Dono de agência de publicidade, Duda Mendonça, que atuou na campanha de Lula à Presidência da República em 2002, é apontado por Marcos Valério como o destinatário de R$ 15,5 milhões sacados de suas empresas. Sócia de Duda, Zilmar Fernandes da Silveira teria sido a responsável pelas retiradas. A PF investiga a possibilidade de a conta da Dusseldorf ter sido destinatária dos saques que Marcos Valério alega terem beneficiado o publicitário Duda Mendonça e que teriam sido efetuados por sua sócia.
As datas dos repasses coincidem com o período em que a agência de Duda Mendonça ainda não tinha contrato com o governo. Em agosto de 2003, ele ganhou uma licitação para prestar serviços de publicidade institucional à Secretaria de Comunicação de Governo e Gestão Estratégica da Presidência da República.

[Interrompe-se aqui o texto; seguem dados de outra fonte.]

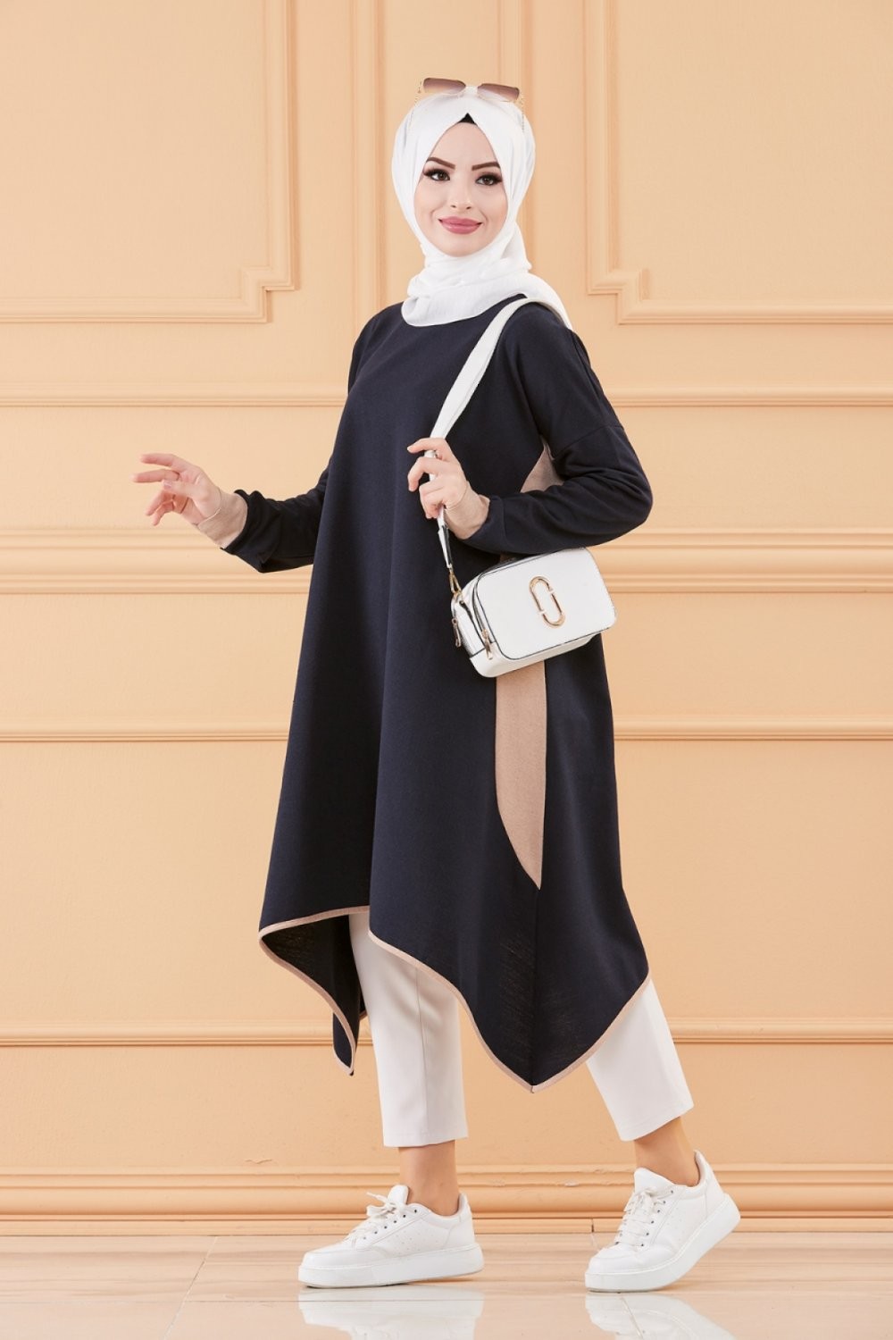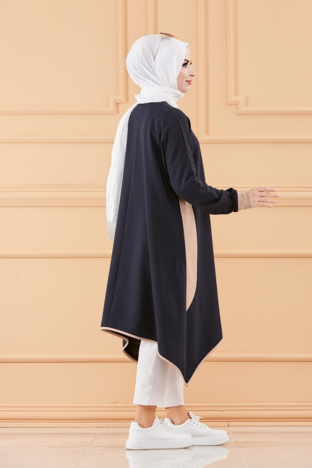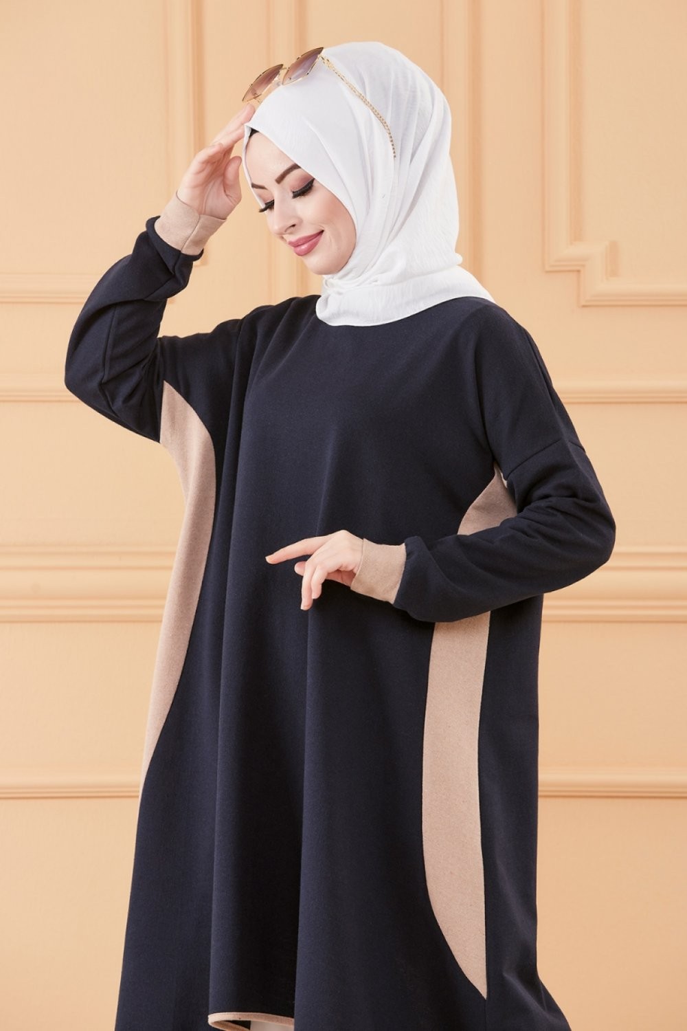 Tunique oversize pour femme (Vetement ample Modest Fashion) - Couleur Bleu marine et beige

Levantamento do deputado Eduardo Paes (PSDB-RJ) mostra que Duda Mendonça recebeu cerca de R$ 110 milhões na administração Lula. A sócia do publicitário Duda Mendonça, Zilmar Fernandes da Silveira, cuida das imagens de Lula e da primeira-dama, Marisa Letícia Lula da Silva, desde a eleição de 2002. Ela depõe amanhã na Comissão Parlamentar de Inquérito (CPI) dos Correios como testemunha.
Depoimento
Em Salvador, o publicitário Duda Mendonça negou ter participado do esquema do mensalão. Ele afirmou que está incomodado com a ligação do nome dele com a lista de beneficiários do esquema. Duda compareceu à Superintendência da Polícia Federal em Salvador, acompanhado da publicitária Zilmar Fernandes da Silveira, onde se pôs à disposição para esclarecimentos sobre o mensalão.

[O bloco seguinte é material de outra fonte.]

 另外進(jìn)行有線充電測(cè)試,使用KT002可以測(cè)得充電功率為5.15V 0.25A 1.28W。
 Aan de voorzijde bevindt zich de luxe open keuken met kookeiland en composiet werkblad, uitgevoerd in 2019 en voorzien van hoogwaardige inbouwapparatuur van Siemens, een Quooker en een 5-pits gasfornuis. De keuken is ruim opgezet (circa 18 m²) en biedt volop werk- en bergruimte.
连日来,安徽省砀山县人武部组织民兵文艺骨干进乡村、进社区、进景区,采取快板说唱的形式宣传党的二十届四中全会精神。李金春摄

Mas o depoimento não foi tomado. O superintendente regional da PF da Bahia, Paulo Fernando Bezerra, informou-se , com a PF de Brasília, de que os nomes de Duda Mendonça e de Zilmar não constavam da relação dos indiciados no inquérito sobre o mensalão. “Ele (Duda Mendonça) não foi intimado pela superintendência da Bahia porque, até o momento, não recebemos qualquer documento nesse sentido, seja uma carta precatória ou um pedido de localização”, disse Bezerra.
Duda e Zilmar preencheram requerimentos comunicando os endereços deles e do advogado, onde podem ser intimados para depor, numa demonstração de que querem “colaborar” com as investigações. Duda Mendonça disse que não tinha nada a ver com “as irregularidades que estão noticiando” sobre ele. Paulo Fernando Bezerra disse que não saberia o que perguntar ao publicitário porque desconhece os detalhes da investigação.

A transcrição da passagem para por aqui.